Under the auspices of the WATERS2 project, Albatern has been awarded a £617,000 grant towards a cost of designing and building the first WaveNET array, consisting of up to six modules of 7.5-kW or 45-kW rated capacity.  An initial module, based on the company's 'Squid 1 device,' will be followed by two more incorporating any necessary improvements identified in the first test phase.  A final tranche of three modules will then be constructed — again incorporating any improvements made following the 'lessons learnt' on the earlier modules. 

"The project will cover the deployment and performance measurement of the array and allow comparison with extensive theoretical modelling already carried out by Albatern," explains Campbell.

"In building the devices, opportunities to improve the design for efficiency of yield, deployment [or] maintenance, and also opportunities to bring down manufacturing costs will be sought.  Already, we can see cost saving from using cast parts where we need many standard components," he adds.

The WaveNET demonstrator will be deployed from late 2012 to late 2013 in a number of phases to measure output in a variety of configurations in different sea states.  Pilot sites in aquaculture farms and 'remote communities' will be developed during 2013 and 2014.  Campbell believes that 'a significant opportunity exists' for smaller scale devices in aquaculture globally and that smaller devices 'can also support remote island communities.'

Partner relationships are also being developed throughout 2012-13 to progress the development of grid scale devices based around nodes at 75 to 100 kW, building into arrays of up to 10 MW with 'devices in the water' from 2014 onwards.

AWS Ocean Energy

AWS has been awarded a £3.9 million grant towards the total £15.6 million cost of a project to design, build and launch its AWS-III Wave Energy Converter (WEC) at full scale.  A 1:9 scale model of the AWS III, a floating device with a rated power output of 2.5 MW, was tested in Loch Ness in 2010, with a full scale prototype planned for deployment at the European Marine Energy Centre in 2014.

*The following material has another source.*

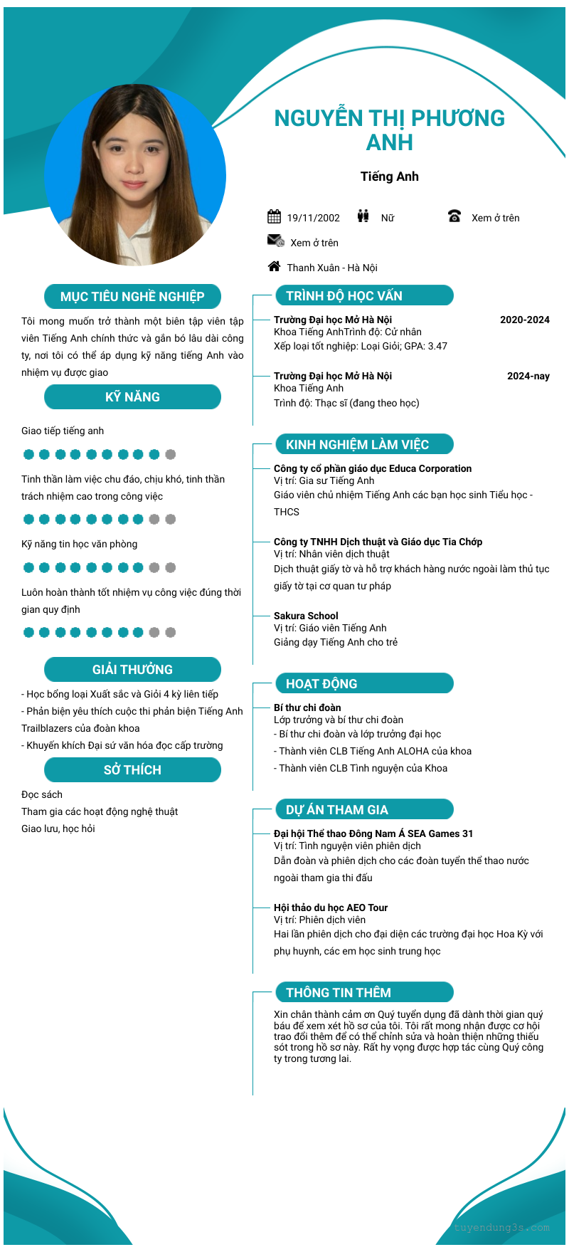 Mở xem thông tin đầy đủ ứng viên Nguyễn Thị Phương Anh chỉ với 2 điểm. Ứng viên được cập nhật ngày 25/12/2025

According to AWS, the device consists of a 'multi-cell array' of flexible membrane absorbers which covert wave power to pneumatic power through the compression of air within each cell.  The cells are inter-connected, thus allowing interchange of air between cells in 'anti-phase.'  Turbine-generator sets are provided to convert the pneumatic power to electricity.

A 'typical' device is made up of an array of 12 cells, each measuring around 16 metres wide by 8 metres deep, arranged around a circular structure with overall diameter of 60m.  Such a device is capable of producing an average of 2.5 MW from a rough sea whilst having a structural steel weight of less than 1,300 tonnes.  The AWS-III will be 'slack moored' in water depths of around 100 metres using standard mooring spreads.

Nautricity

According to Cameron Johnstone, Chief Executive Officer at Nautricity, the 'development ethos' behind Nautricity’s CoRMaT technology was to deliver a tidal energy technology that 'could be held on station without the need for a big, heavy and expensive supporting structure' and produce a turbine that 'considerably reduced complexity' in its operations of capturing energy from the tidal flow and converting this to electricity.  The company also believed that efforts to reduce the weight and complexity of such systems would ultimately lower the costs associated with tidal energy power generation.

Johnstone explains that the technology is 'unique' in that it uses axial mounted contra-rotating rotors, with fixed pitched blades, to directly drive a contra-rotating, permanent magnet generator.